What you should do. Set the listing down unchanged, minus every embedded image.

Recorded information.
----

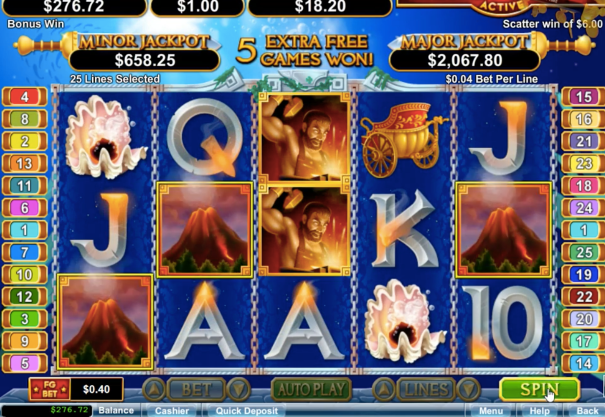 The main bonus feature in Vulcan is the Fire. Once it is triggered anywhere on the reels by volcano scatters it results to a bonus round of 15 free spins coupled with double payouts and the multiplier escalates each time the spins are retriggered. To enjoy the numerous and outstanding jackpots, payouts and many more.
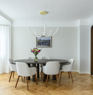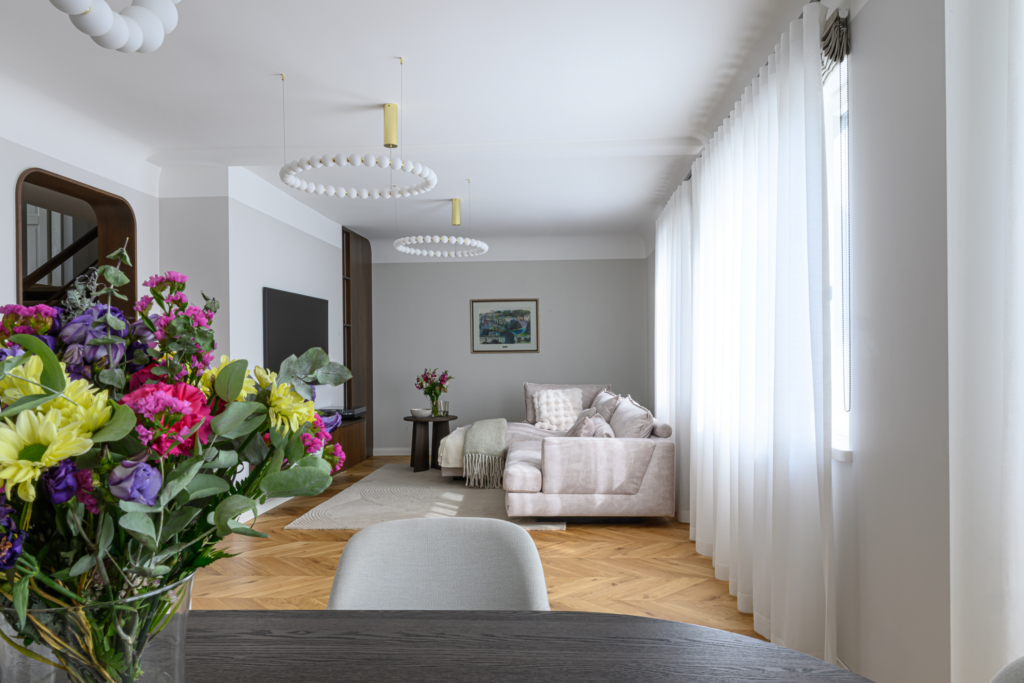 Üldvalgustus on lahendatud skulpturaalsete Perla rippvalgustitega, mis loovad ruumis pehme ja ühtlase valguse ning toimivad samal ajal pilkupüüdvate disainielementidena.
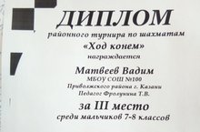 Поздравляем Матвеева Вадима, занявшего III место в X региональном шахматном турнире "Ход конем"
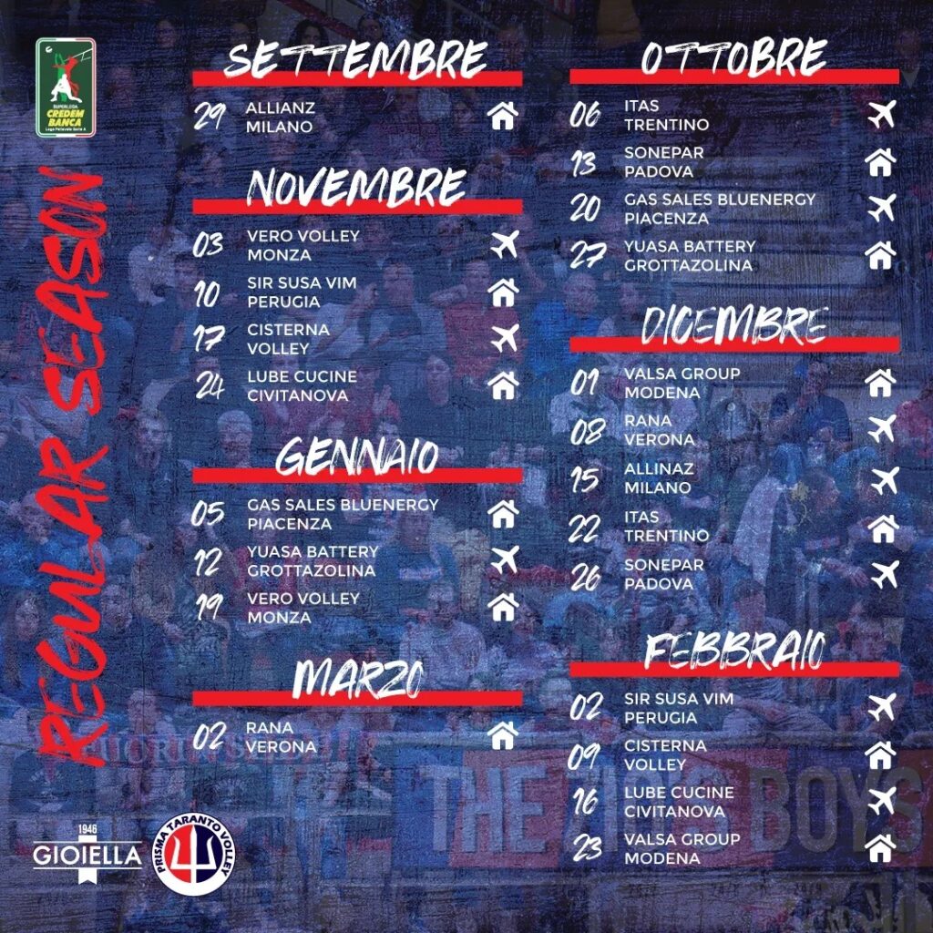Novembre inizia con la trasferta contro il Vero Volley Monza, il 3, seguita da una serie di incontri che vedranno la squadra tarantina giocare contro alcune delle formazioni più forti del campionato, come il Sir Susa Vim Perugia il 10 novembre e il Cucine Lube Civitanova il 24 novembre. A dicembre, il calendario continua con sfide importanti: il primo giorno del mese si giocherà contro il Valsa Group Modena, mentre l’8 dicembre i rossoblù saranno ospiti della Rana Verona, squadra che incontreranno nuovamente nella partita di chiusura della stagione, il 2 marzo 2025. L’anno nuovo porterà ulteriori emozioni con il match di ritorno contro il Gas Sales Bluenergy Piacenza, previsto per il 5 gennaio 2025, seguito da altre sfide cruciali contro Grottazzolina il 12 gennaio e Monza il 19 gennaio. Da segnalare anche gli incontri contro Perugia, in programma per il 2 febbraio, e i Civitanova, il 16 febbraio. La stagione regolare della Prisma Taranto si concluderà con gli ultimi due match di ritorno, con Modena in trasferta il 23 febbraio e infine in casa con Verona il 2 marzo. Non ci saranno turni infrasettimanali. Potrebbero esserci eventuali modifiche per anticipi o posticipi. Inoltre, sono state ufficializzate le date di due importanti eventi del calendario pallavolistico: la Final Four di Supercoppa, che si terrà il 21 e 22 settembre 2024, con la partecipazione di Perugia, Piacenza, Monza e Trento, e la Final Four di Coppa Italia, in programma per il 25 e 26 gennaio 2025. La stagione 2024/2025 della Gioiella Prisma Taranto si preannuncia dunque ricca di sfide con i tifosi pronti a sostenere la squadra in ogni partita, sperando di alzare l’asticella dei successi rispetto allo scorso campionato.

----

Response area.
 The main bonus feature in Vulcan is the Fire. Once it is triggered anywhere on the reels by volcano scatters it results to a bonus round of 15 free spins coupled with double payouts and the multiplier escalates each time the spins are retriggered. To enjoy the numerous and outstanding jackpots, payouts and many more.
 Üldvalgustus on lahendatud skulpturaalsete Perla rippvalgustitega, mis loovad ruumis pehme ja ühtlase valguse ning toimivad samal ajal pilkupüüdvate disainielementidena.
 Поздравляем Матвеева Вадима, занявшего III место в X региональном шахматном турнире "Ход конем"
Novembre inizia con la trasferta contro il Vero Volley Monza, il 3, seguita da una serie di incontri che vedranno la squadra tarantina giocare contro alcune delle formazioni più forti del campionato, come il Sir Susa Vim Perugia il 10 novembre e il Cucine Lube Civitanova il 24 novembre. A dicembre, il calendario continua con sfide importanti: il primo giorno del mese si giocherà contro il Valsa Group Modena, mentre l’8 dicembre i rossoblù saranno ospiti della Rana Verona, squadra che incontreranno nuovamente nella partita di chiusura della stagione, il 2 marzo 2025. L’anno nuovo porterà ulteriori emozioni con il match di ritorno contro il Gas Sales Bluenergy Piacenza, previsto per il 5 gennaio 2025, seguito da altre sfide cruciali contro Grottazzolina il 12 gennaio e Monza il 19 gennaio. Da segnalare anche gli incontri contro Perugia, in programma per il 2 febbraio, e i Civitanova, il 16 febbraio. La stagione regolare della Prisma Taranto si concluderà con gli ultimi due match di ritorno, con Modena in trasferta il 23 febbraio e infine in casa con Verona il 2 marzo. Non ci saranno turni infrasettimanali. Potrebbero esserci eventuali modifiche per anticipi o posticipi. Inoltre, sono state ufficializzate le date di due importanti eventi del calendario pallavolistico: la Final Four di Supercoppa, che si terrà il 21 e 22 settembre 2024, con la partecipazione di Perugia, Piacenza, Monza e Trento, e la Final Four di Coppa Italia, in programma per il 25 e 26 gennaio 2025. La stagione 2024/2025 della Gioiella Prisma Taranto si preannuncia dunque ricca di sfide con i tifosi pronti a sostenere la squadra in ogni partita, sperando di alzare l’asticella dei successi rispetto allo scorso campionato.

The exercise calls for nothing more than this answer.